Over 145 countries suffer from a deteriorating middle class (Howton); failing government programs and lack of economic opportunity make it difficult for people to get out, or stay out of poverty. According to the World Bank, “in much of the world, growth rates are too slow, and investment is too subdued to increase median incomes. For many nations, poverty reduction has slowed or even reversed” (para 3). Nearly half of the people on this earth live on less than $2.50 a day (Shue), which places them in the mid-lower-class range on a scale of social status in America. This amount of money isn’t worth hardly anything when compared to the present day prices of food, shelter, and clothes, yet almost 3 billion people are forced to find ways to live off of it in order to survive. In 2016, the average middle and lower class’ incomes combined equaled $104,066 while the upper class’ income alone equaled $187,872 (Kochhar). This means that the annual salary of 81 percent of Americans was at a 2:1 upper to middle and lower class ratio.
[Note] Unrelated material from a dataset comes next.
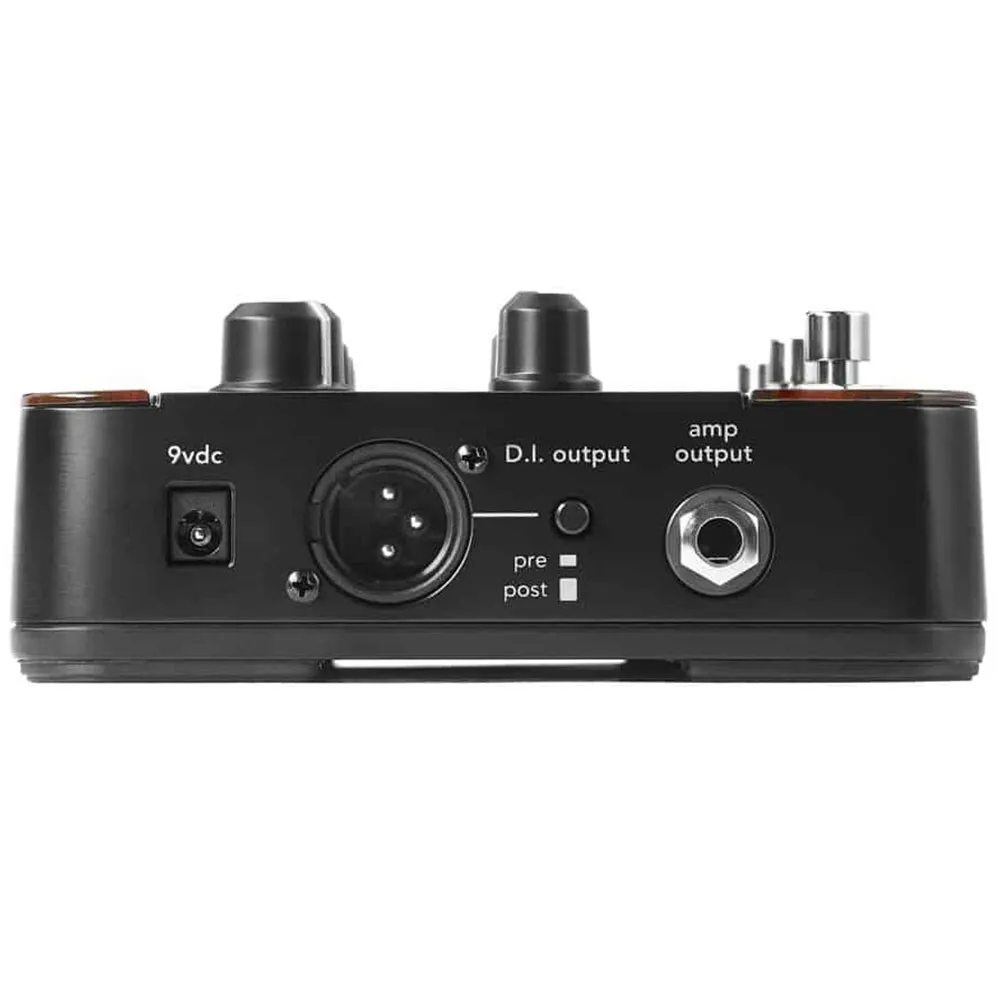 • 1/4” mono input, 1/4” amplifier output, Balanced XLR DI Output with pre/post routing

The Pew Research Center expresses that the percentage of people considered middle-income Americans has shrunk since 1971 by 9 percent and the percentage of lower-class Americans has increased by 4 percent (para 1). When the Great Recession of 2007-2009 hit, the upper class recovered with a $4,192 increase to their annual income, but the middle class only gained $380 more than what they had in 2000 and the lower class took a loss to the failing economy by almost $1,299 (Kochhar). In saying that, though the wealthy are getting richer, the broadening gap between the upper and lower class are causing more people to become poor. As of September 2019, a report from NBC shows that nearly 29 percent of Americans are classified as the lower class or impoverished (Elkins). Why is it that in America, a thriving first-world country, we continue to have these issues?
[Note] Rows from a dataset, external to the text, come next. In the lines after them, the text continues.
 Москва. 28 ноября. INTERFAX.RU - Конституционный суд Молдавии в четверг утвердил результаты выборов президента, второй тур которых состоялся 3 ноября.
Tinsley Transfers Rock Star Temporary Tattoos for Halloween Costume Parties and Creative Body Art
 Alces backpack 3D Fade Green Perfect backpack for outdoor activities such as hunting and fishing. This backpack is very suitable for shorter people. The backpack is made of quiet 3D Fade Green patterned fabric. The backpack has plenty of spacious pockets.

At the start of the Great Depression, nearly 18 million Americans lived at a bare subsistence level in the United States and by 1933, another 13 million had been thrown out of work (Constitutional Rights Foundation). Years prior to the depression, local and state governments were obligated to assist those impoverished; however, after the stock market crashed, they found it increasingly difficult to carry the weight of so many starving families. Upon winning the election of 1932, Franklin D. Roosevelt became the first president to make welfare a federal responsibility; his New Deal “took action to bring about immediate economic relief as well as reforms in industry, agriculture, finance, waterpower, labor, and housing” (New Deal). His plan succeeded for a short period of time; however, in 1937, the U.S. Supreme Court declared certain New Deal laws unconstitutional “on the grounds that neither the commerce nor the taxing provisions of the Constitution granted the federal government authority to regulate industry or to undertake social and economic reform” (New Deal). Though historians argue that Roosevelt’s New Deal marked the beginning of several failed attempts at welfare reform, it created Social Security and built the foundation for future presidents to pursue.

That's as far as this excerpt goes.